Senior U.S. officials in Baghdad don't seem too worried that the six-month deadline Shi'ite cleric Moqtada al-Sadr set for his militia's unilateral cease-fire is about to lapse. "There has been some communication back and forth that appears to indicate that it will continue," said Gen. David Petraeus, the commander of U.S. forces in Iraq. U.S. officials say the cease-fire was a major factor in lowering violence across Iraq, where an ongoing surge of U.S. forces is now focused primarily on fighting Sunni extremists. "I would say it probably caused us about a 15 or 20% decrease in attack levels," said Gen. Raymond Odierno, the ground commander for U.S. troops in Iraq.
But Wednesday, echoing an earlier threat, a spokesman for Sadr and the Mahdi Army said that if the Shi'ite warlord did not reissue his cease-fire order by Saturday, it would be officially over. Petraeus, Odierno and U.S. ambassador to Iraq Ryan Crocker are all holding out hope that the cease-fire will be maintained, however. Petraeus said U.S. commanders were keeping up a running dialogue with leadership from the Mahdi Army. "There are numerous discussions ongoing," said Petraeus, who's personally spoken with senior figures in Sadr's circle. "And there's talks at my level, sometimes directly on occasion with senior members of the movement."
The cease-fire had its origins in intra-Shi'a rivalries. Most observers were surprised last August when Sadr's Mahdi Army militia announced a six-month cease-fire, shortly after bloody Shi'ite infighting erupted in Karbala. Thousands of pilgrims had gathered in the city for a Shi'ite festival. Some Sadrists who turned up for the event got into an altercation with local security forces, who are largely loyal to the Sadr movement's chief Shi'ite factional rival, the Supreme Islamic Iraqi Council (SIIC). Things escalated, and a street tussle turned into a gun battle that left more than 50 people dead and roughly 500 wounded. The Sadrists took the blame for starting the episode, with many Shi'ites viewing the Mahdi Army fighters as thugs causing trouble in one of the holiest Shi'ite sites.

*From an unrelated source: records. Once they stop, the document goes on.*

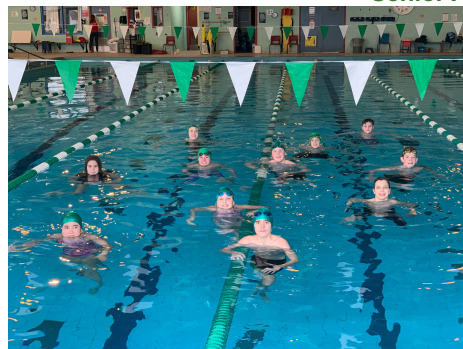
Juniors after a Race Day Workout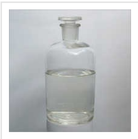
Liquid Nitric Acid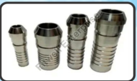
Hydraulic Hose Fitting Nipple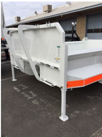
BODY LEGS DOWN FOR BETTER ACCESS WHEN HOOKING UP CABLE/ ROPE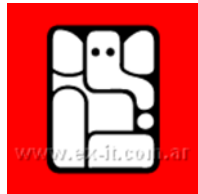
Lord Ganapati [01]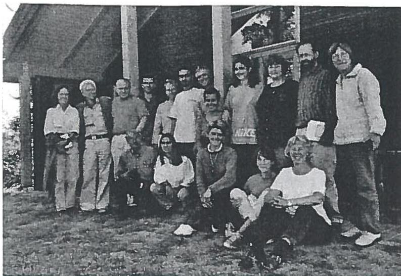
The English study group 2001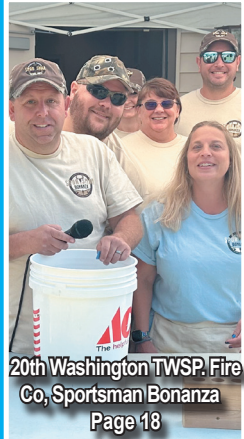
20th Washington TWSP Fire Co. Sportsman Bonanza Page 18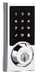
915 CNT SmartCode™ 916 CNT SmartCode™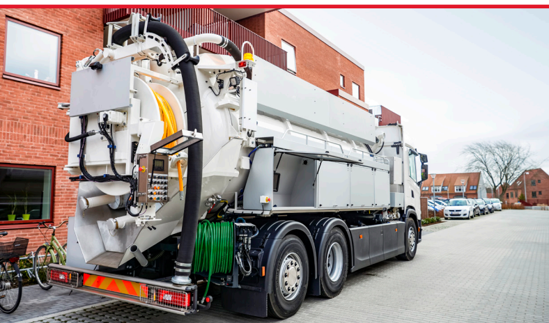
Bucher Recycler CR120 12 m 3 tank approved for 1 bar overpressure with a movable partition and 5-step continuous recycling system.

The movable partition and the world-leading recycling system provide the means to increase efficiency in jetting, water-filling, and driving by up to 55%. Being able to turn off the recycling system and use the unit as a conventional combination system adds an extra to the efficiency.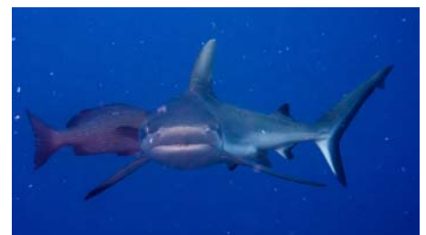
Gray Reef Shark (Yap)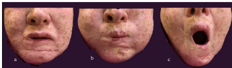
Figure 4: (a) Results of case 2, a year post-surgery and radiotherapy, at rest, (b) good oral competence, and (c) minimal microstomia, inter commissure distance of 4.0 cm.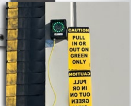
* iDock Alert controls shown with optional dock light button.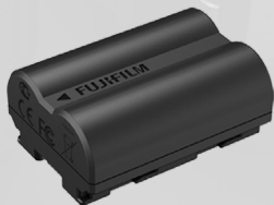
LI-ION BATTERY NP-W235 MSRP: $100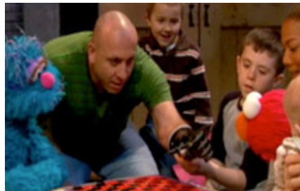
© 2009 Sesame Workshop. "Sesame Street" and its logo are trademarks of Sesame Workshop. All rights reserved. Photo by Richard Termine.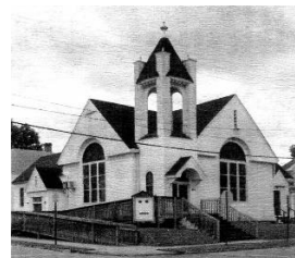
United Presbyterian Church Baltimore & Girard Streets

from Christian Missionary Society, was called to organize the new Church of Christ. Early services were held every Sunday at either the United Presbyterian Church or the Oakland Presbyterian Church, until such time as the new congregation had a place of their own to hold services.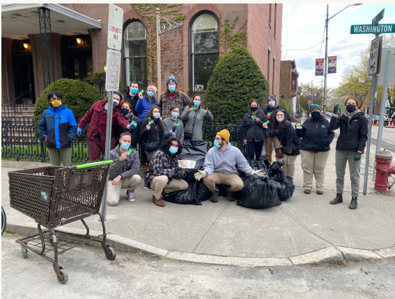
Pictured: a large group of people posed on a street corner with full bags of garbage.

A year later, Collar City Clean Up has collected 2,400 pounds of litter from the streets of Troy in collaboration with the City of Troy's Sanitation Team. Among this trash, some of the most common items are food packaging, disposable vapes, and the occasional diaper.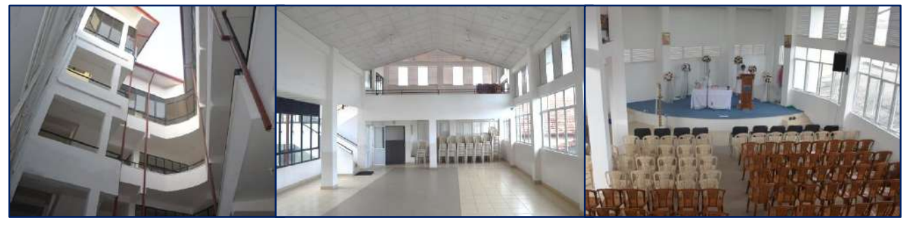
A hall with 600 seating capacity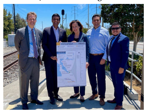
phase is complete.

Levi's Stadium; and 2) Reduce delays to Capitol Corridor and ACE trains due to unscheduled meets in the current single-track territory. These delays cascade throughout the respective train systems, causing further service disruptions and delays. While the design was advancing, CCJPA has been working with the respective utility owners to be sure their facilities that cross under the railroad are protected or relocated in the area where the new track will be constructed. This utility relocation work is a prerequisite to the construction of the project. Presently, the CCJPA is working to secure the remaining funds to implement the project as soon as the design

Sadr announced his cease-fire immediately after that, stressing that his fighters would take no action against either U.S. forces or rival Shi'ite factions.
Leadership figures from the Mahdi Army have long accused government security forces of being under the sway of SIIC, which is led by Sadr's chief political rival Abdul Aziz al-Hakim. Until August, the Mahdi Army and the militia wing of al-Hakim's movement, the Badr Brigade, were engaged in a running struggle for influence in southern Iraq, competing for control of everything from gas stations to sacred shrines. The Karbala incident seemed to shock both sides into cooling tensions. But the recent statements suggest the agreement is unraveling. If so, it could draw U.S. troops back into conflict with the Mahdi Army as they work to support Iraqi security forces.
U.S. officials are hoping that Sadr will largely abandon Kalashnikov politics and focus his movement more on social causes as the need for militias to protect neighborhoods from Sunni extremists recedes. "I kind of think it will hold," Crocker said of the ceasefire. "The Shi'a are just as sick of militia violence as the Sunnis are." But Sadr is notoriously unpredictable. And while allowing for some optimism, U.S. officials remain unsure what will unfold. "It truly is a wait-and-see moment," Petraeus said.